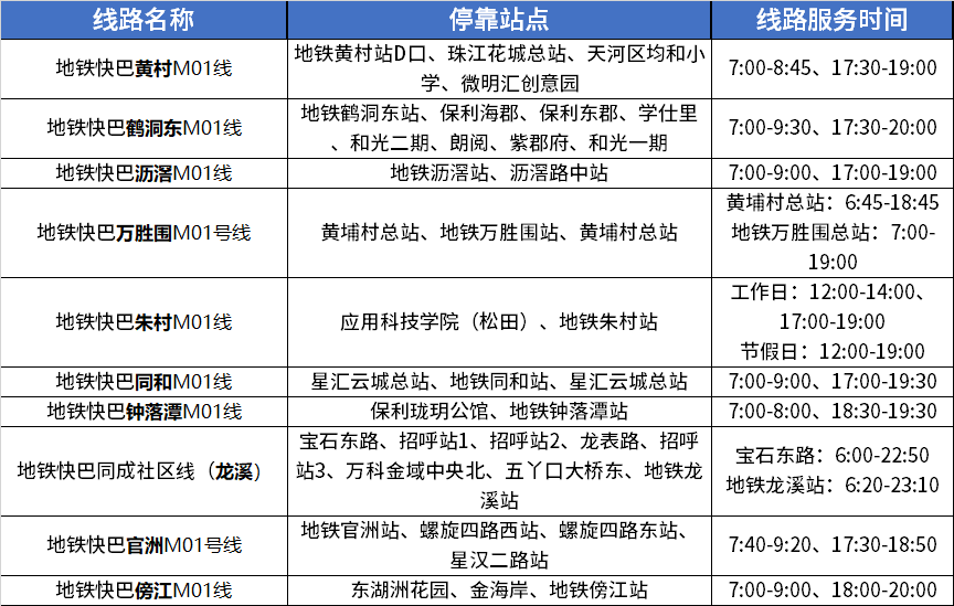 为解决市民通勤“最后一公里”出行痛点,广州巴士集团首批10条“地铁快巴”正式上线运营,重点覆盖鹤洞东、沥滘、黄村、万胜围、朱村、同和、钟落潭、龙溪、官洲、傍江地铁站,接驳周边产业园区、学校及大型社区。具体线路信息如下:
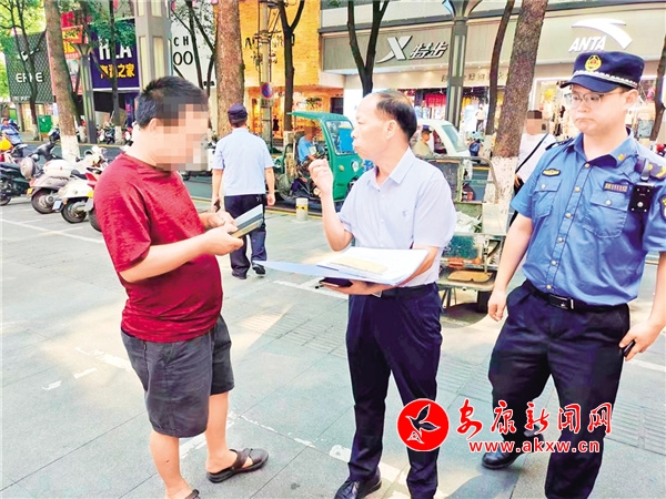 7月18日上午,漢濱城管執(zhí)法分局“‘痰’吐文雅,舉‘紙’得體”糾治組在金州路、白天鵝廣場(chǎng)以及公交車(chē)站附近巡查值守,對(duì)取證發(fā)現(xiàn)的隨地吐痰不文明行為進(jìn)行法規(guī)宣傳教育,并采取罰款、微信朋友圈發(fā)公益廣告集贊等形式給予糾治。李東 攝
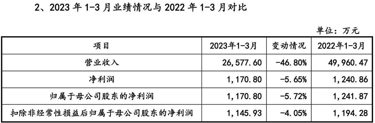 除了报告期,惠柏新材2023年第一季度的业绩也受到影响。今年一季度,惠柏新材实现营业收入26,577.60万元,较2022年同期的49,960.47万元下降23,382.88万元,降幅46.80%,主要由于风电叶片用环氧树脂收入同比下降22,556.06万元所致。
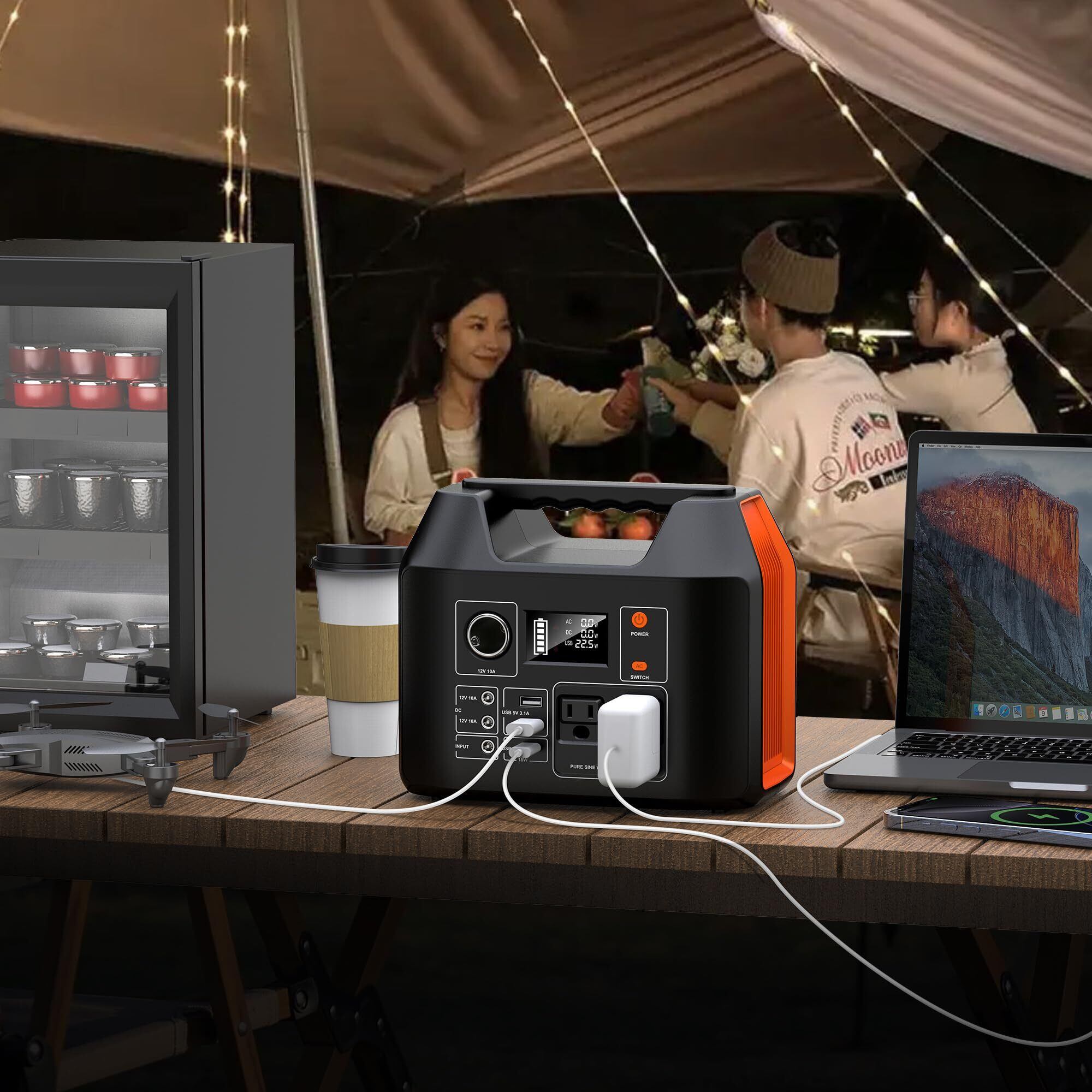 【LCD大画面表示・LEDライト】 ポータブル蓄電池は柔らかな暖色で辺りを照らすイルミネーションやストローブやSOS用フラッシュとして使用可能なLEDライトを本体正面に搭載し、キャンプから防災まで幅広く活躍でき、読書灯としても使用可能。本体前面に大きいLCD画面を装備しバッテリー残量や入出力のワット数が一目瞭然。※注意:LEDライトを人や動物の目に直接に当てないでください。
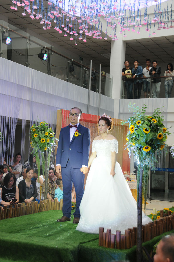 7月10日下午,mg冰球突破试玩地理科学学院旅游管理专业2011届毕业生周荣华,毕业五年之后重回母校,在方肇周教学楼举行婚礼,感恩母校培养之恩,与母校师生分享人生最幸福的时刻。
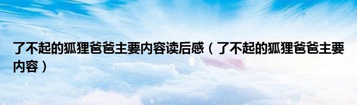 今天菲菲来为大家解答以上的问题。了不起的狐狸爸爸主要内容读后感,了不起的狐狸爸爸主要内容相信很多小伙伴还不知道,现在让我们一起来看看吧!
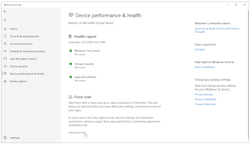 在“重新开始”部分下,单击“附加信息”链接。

= = = =

#### Problem statement
Give again, word for word, only the lines from the line containing "今天菲菲来为大家解答以上的问" through the last line above, both included; leave the pictures out.

#### Task response
 今天菲菲来为大家解答以上的问题。了不起的狐狸爸爸主要内容读后感,了不起的狐狸爸爸主要内容相信很多小伙伴还不知道,现在让我们一起来看看吧!
 在“重新开始”部分下,单击“附加信息”链接。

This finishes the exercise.